CÂMARA REVOGA LEI QUE ESTABELECIA REGRAS PARA CONSTRUÇÕES NA AVENIDA MÁRIO COVAS

A Câmara Municipal de Avaré revogou a Lei 1001/2007 que estabelecia regras para a construção de fronte a Avenida Mário Covas. Os vereadores: Bruna Silvestre, Marcelo Ortega e Laids Baiano foram contra a propositura.

Durante a votação da revogação, o vereador Marcelo Ortega solicitou vistas para que a propositura fosse votada somente na segunda sessão ordinária de 2016, porém a solicitação foi rejeitada pela maioria. O projeto acabou sendo votado e aprovado por 9 votos a favor e três contra. O presidente da Casa, vereador Denílson Ziroldo não participou da votação já que não houve empate.

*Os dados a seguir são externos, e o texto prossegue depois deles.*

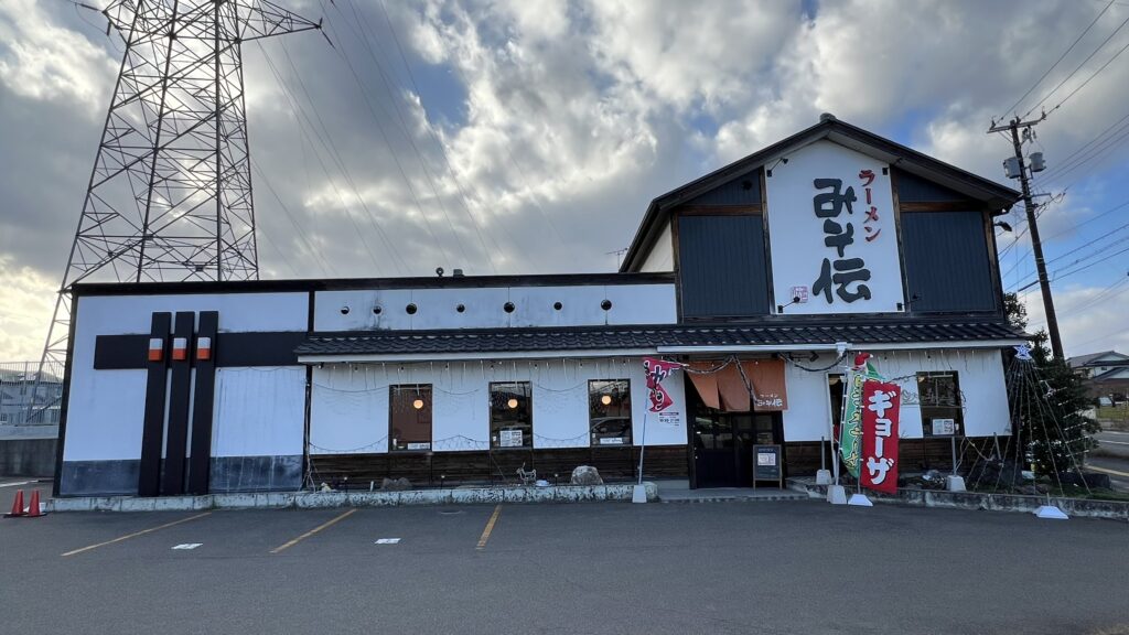 福島市大森、南福島線沿いにある「ラーメンみそ伝 大森店」。

A Lei dispõe sobre a obrigatoriedade de recuo mínimo de 3 metros para acostamento, prevista em seu artigo 2º. Já em seu artigo 1º, a lei prevê no total recuo mínimo de 12 metros da via para qualquer tipo de edificação, sendo 3 metros de acostamento, 7 metros de área livre (que deve receber ajardinamento, desde que não obstrua a visão da via) e 2 metros de calçada limitando os muros ou paredes.

A obrigatoriedade desta lei somente foi conhecida após um empreendimento começar a ser edificado próximo ao aeroporto de Avaré. O loteamento também não passou pela Câmara de Vereadores como obriga a lei. A Prefeitura chegou a revogar os decretos que autorizavam a obra no local, porém o caso foi denunciado pela vereadora Bruna Silvestre ao Ministério Público.

Em entrevista à Comarca, o secretário de Obras e Habitação de Avaré, Paulo Ciccone, destacou que a revogação do decreto que autorizava as construções dos loteamentos Villa Jabotá, que fica localizado na Avenida Mário Covas e o Terras Altas, na Gilberto Filgueiras, é o primeiro passo para a regularização dos empreendimentos. Assinadas pelo prefeito Poio Novaes, as revogações foram publicadas no Semanário Oficial do dia 13 de novembro.

Segundo Ciccone, no caso do Residencial Terras Altas, o processo é simples, bastando encaminhar o projeto para a Câmara para apreciação e emissão do parecer. “Cumprida essa formalidade, é emitido novo decreto, regularizando o empreendimento”.

CONFRONTO DE LEIS – A Lei 1001/2007 estava confrontando a Lei 1930/2015. Segundo o artigo 3º, inciso II da lei, que trata sobre as avenidas, destaca que: “a largura mínima de 26 metros para as vias arteriais (avenidas), distribuída em 8,50 metros para cada leito carroçável, 3 metros para o canteiro central e 3 metros para cada passeio público em suas laterais, com perfil longitudinal com inclinação mínima de 1% e máxima de 20%.

Com a revogação da Lei 1001/2007, um novo projeto deverá apresentado à Câmara, para apreciar e emitir parecer.